Most drivers instinctively move away from an object on the side of the road, so guardrails keep them further from the edge.
Chris: They're probably more common than a lot of people realize, it's just that they don't see them on Interstates. I haven't been to northern Michigan since 1976.Today, cable barriers are making a comeback, as median barriers on freeways. They're designed to actually stop a car, to keep it from going into oncoming traffic, so have a different kind of post, but the idea's the same. The new ones, at least around here, use fairly loose cables, that basically entangle the vehicle.
as we wander off the path LOL Anyway. Thank you guys very much...way more than I thought I could find out there on the subject. Lots to mill around with now.... A second request. In a back issue of Model Railroader, possibly from the 80's, there was an article about a portable grain car loader. It featured a large pump next to an elevated funnel and a hose to a boxcar with grain doors. Years ago I did the pump figuring it would make a good load but never got to it.
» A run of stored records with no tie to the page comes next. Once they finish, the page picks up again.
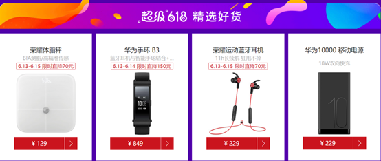 各种潮流配件也有惊喜好礼相赠!荣耀体脂称、荣耀运动蓝牙耳机限时直降70元,华为手环B3限时直降150元,华为10000mAh移动电源爆款推荐!华为全景相机、荣耀音乐小巨蛋活动期间也有不同优惠。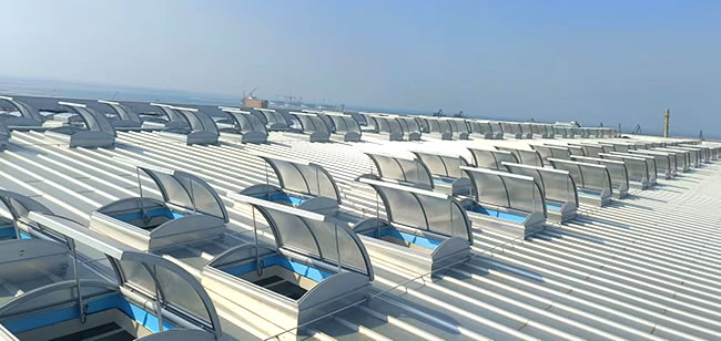 圓拱形的設(shè)計,外觀優(yōu)美、通風(fēng)排煙兼顧自然采光,開啟角度一般為30度到45度***開啟角度為90°。
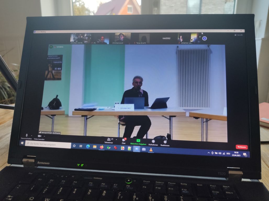 Neue Wege schlug der Vorstand bei der ersten Hybridveranstaltung ein: Nur 8 Personen hielten sich im Tanzsportzentrum auf, alle anderen Mitglieder nahmen per "Zoom" an der Mitgliederversammlung teil und alle stimmten elektronisch ab.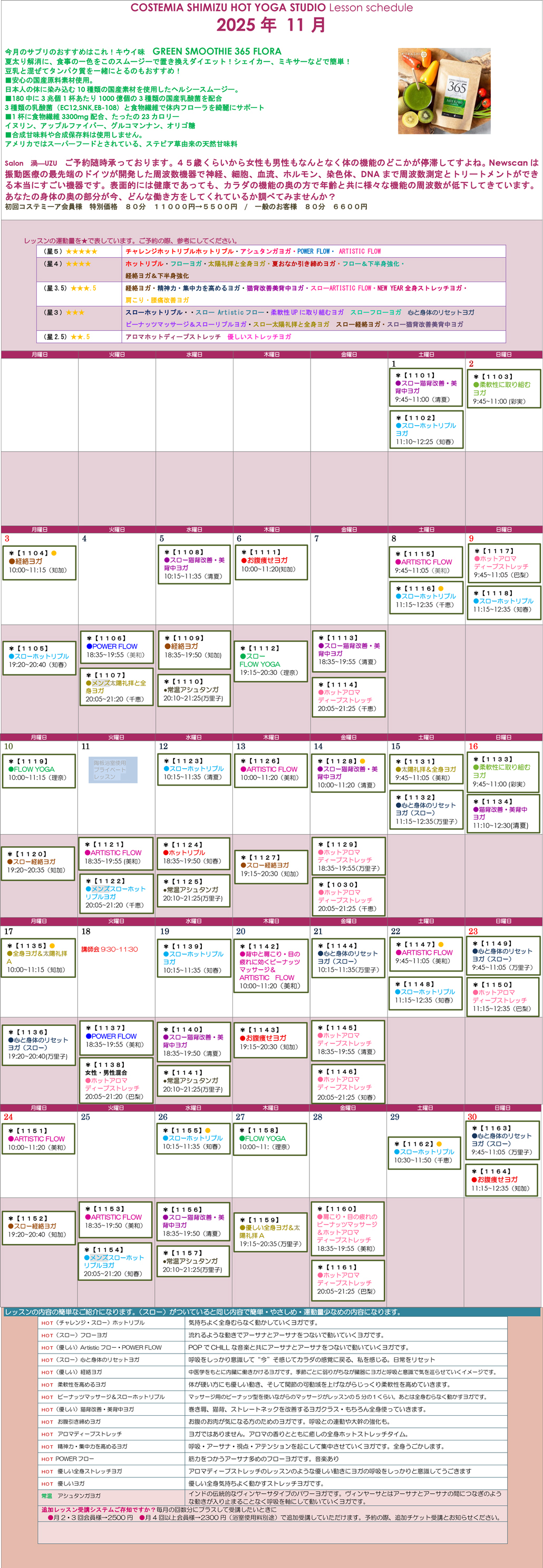 COSTEMIA清水スタジオ11月のヨガレッスンスケジュール
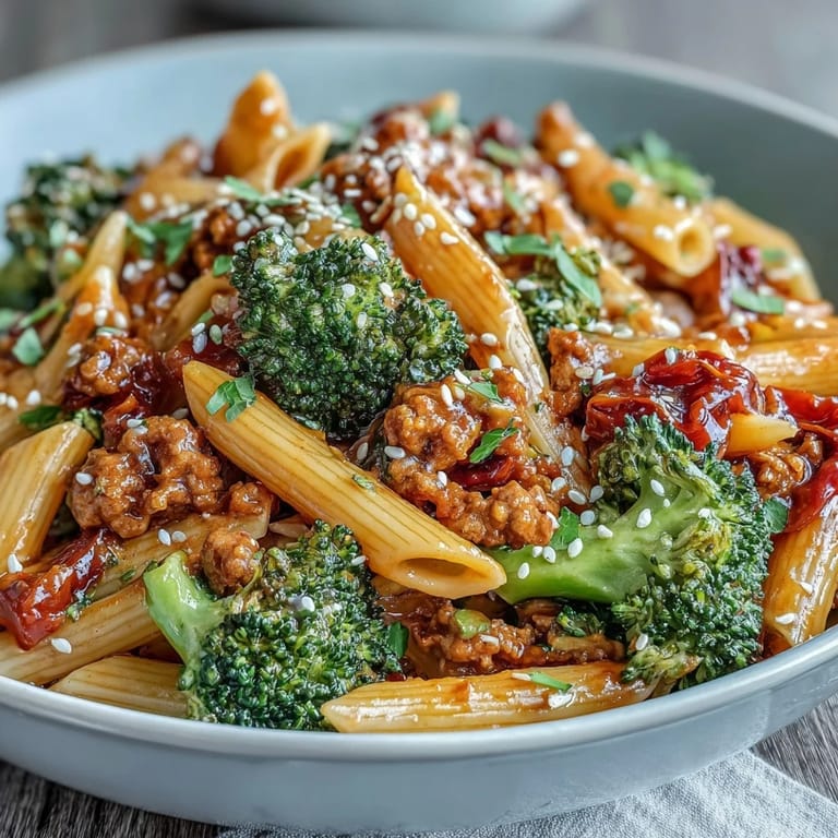 Pin It Brighten up your dinner routine with this Sweet & Spicy Turkey Broccoli Pasta. This quick and vibrant dish brings together lean ground turkey and crisp-tender broccoli florets in a glossy, flavorful sauce that perfectly coats every penne noodle. It is an easy American Fusion meal that is both satisfying and dairy-free, making it an ideal choice for a wholesome weeknight dinner.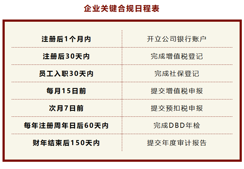 👉注册资本必须按照要求实缴,企业需在注册当年内至少实缴25%,剩余部分则需在3年内全额缴清。若逾期,公司不仅无法通过DBD年检,更可能被列为异常经营状态。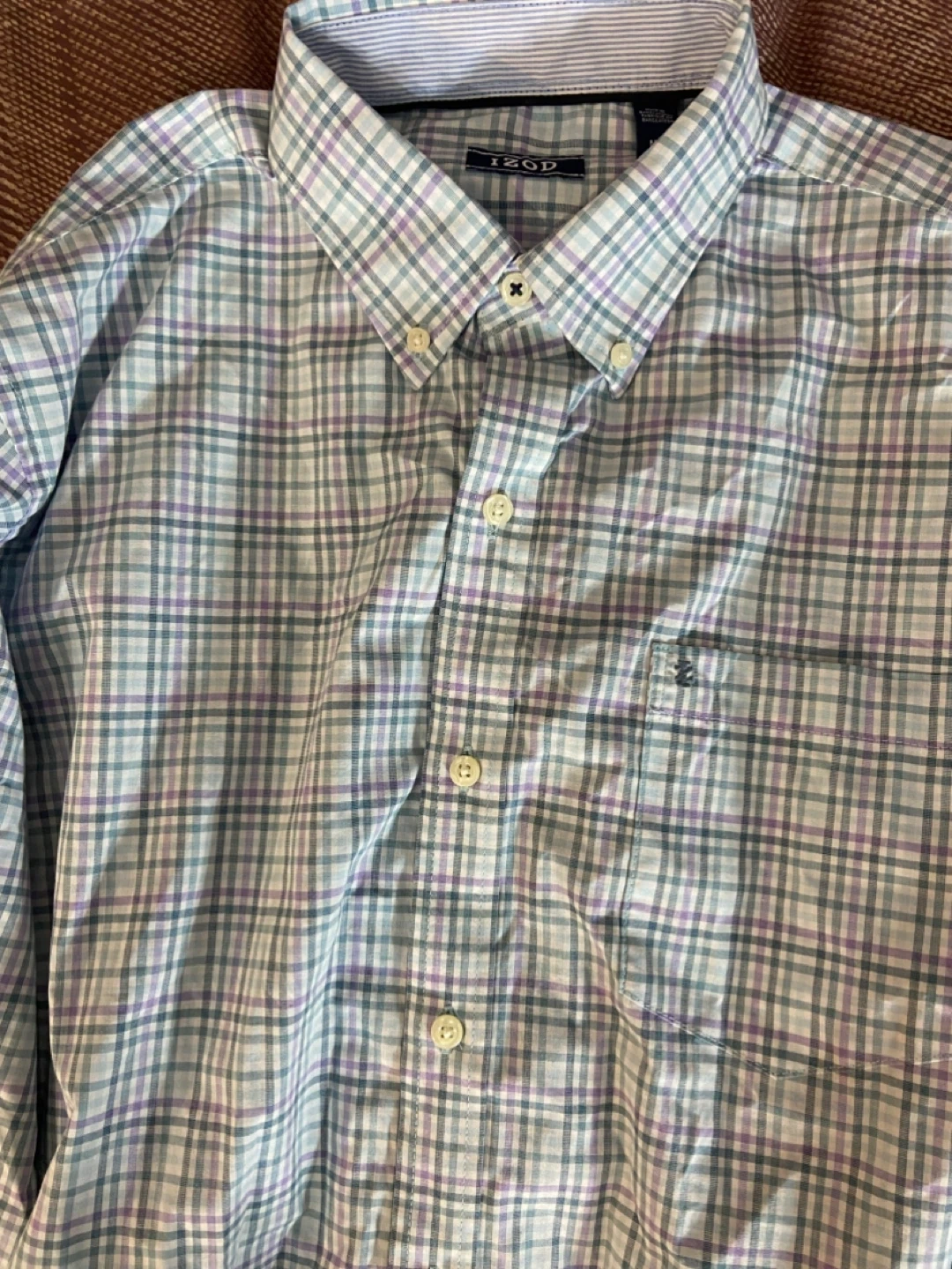 Here's a unused IZOD plaid button-down shirt. It features a classic plaid pattern in shades of blue, grey, and purple. Perfect for a casual yet stylish look!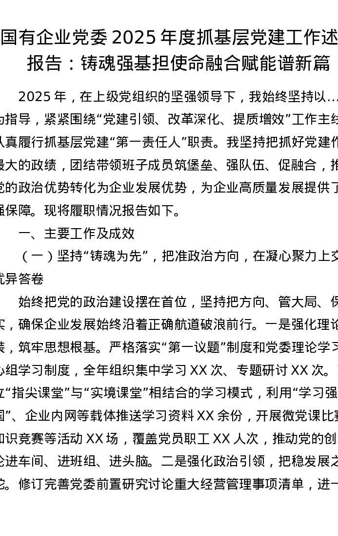 国有企业党委2025年度抓基层党建工作述职报告:铸魂强基担使命 融合赋能谱新篇

Now I'm thinking I'd like to use it with this elevated hopper concept...sort of a field loader. Does this ring a bell. It came with drawings and a few photos. I'm thinking it was to loading the grain and not extracting it from the box car. I've tried all the searches I can but have yet come up with the magic word. Thanks againJoe
Not at a modern industry. If the car was an accident victim, and not simply retired, it could well have such stripes.